Equivalence class signatures (EQS), introduced by Hanser and Slamanig (AC’14, J. Crypto’19), sign vectors of elements from a bilinear group. Their main feature is “adaptivity”: given a signature on a vector, anyone can transform it to a (uniformly random) signature on any multiple of the vector. A signature thus authenticates equivalence classes and unforgeability is defined accordingly. EQS have been used to improve the efficiency of many cryptographic applications, notably (delegatable) anonymous credentials, (round-optimal) blind signatures, group signatures and anonymous tokens. EQS security implies strong anonymity (or blindness) guarantees for these schemes which holds against malicious signers without trust assumptions. Unforgeability of the original EQS construction is proven directly in the generic group model. While there are constructions from standard assumptions, these either achieve prohibitively weak security notions (PKC’18) or they require a common reference string (AC’19, PKC’22), which reintroduces trust assumptions avoided by EQS. In this work we ask whether EQS schemes that satisfy the original security model can be proved secure under standard (or even non-interactive) assumptions with standard techniques. Our answer is negative: assuming a reduction that, after running once an adversary breaking unforgeability, breaks a non-interactive computational assumption, we construct efficient meta-reductions that either break the assumption or break class-hiding, another security requirement for EQS.

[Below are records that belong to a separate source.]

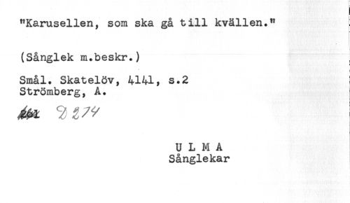 //// ! //// "Karusellen, som ska gå till kvällen." ; //// * //// . //// (Sånglek m.beskr.) //// < //// -* //// Smål. Skatelöv, 4141, s.2 ! //// Strömberg, A. ////
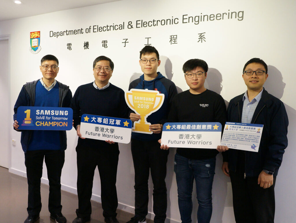 From Left to Right: Dr. Vincent Tam (supervisor), Prof. KT Chau (head of Department) Chi Ping Desmond Wong, Kwong Yat Felix Wong, Prof. Edmund Lam (CE programme director)
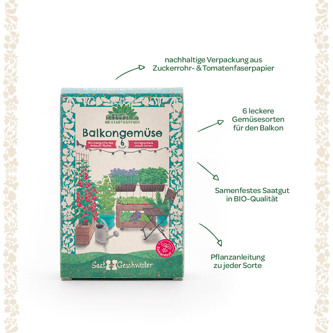 HOCHWERTIG: Für unser Saatgut-Set Balkongemüse verwenden wir ausschließlich hochwertiges Saatgut in BIO-Qualität. Die Verpackung besteht aus nachhaltigem Zuckerrohrpapier. Sie sieht nicht nur toll aus, sondern eignet sich auch optimal zur Aufbewahrung des Saatguts.
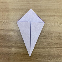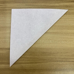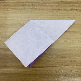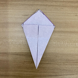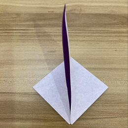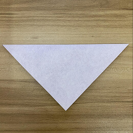 三角形を半分に折ります。左の角を右の角に合わせて折ってください。

Equivalence class signatures (EQS) are digital signatures which provide the additional functionality that lets users adapt a given signature to a related message without knowledge of the secret key. They have been used to instantiate numerous cryptographic primitives and increased their efficiency.Unforgeability of the original EQS construction is proven in the generic group model, a theoretical model that treats the underlying group as "ideal". There exist constructions from standard assumptions but those only achieve weak security notions.In this work we strive to answer the question whether EQS schemes which satisfy the original model can be proved secure under standard assumptions with standard techniques. We answer in the negative. There cannot be an efficient security reduction which runs an adversary breaking unforgeability to then break a non-interactive computational assumption. This will be shown by construction of efficient meta-reductions that either break the security of the scheme or said computational problem directly.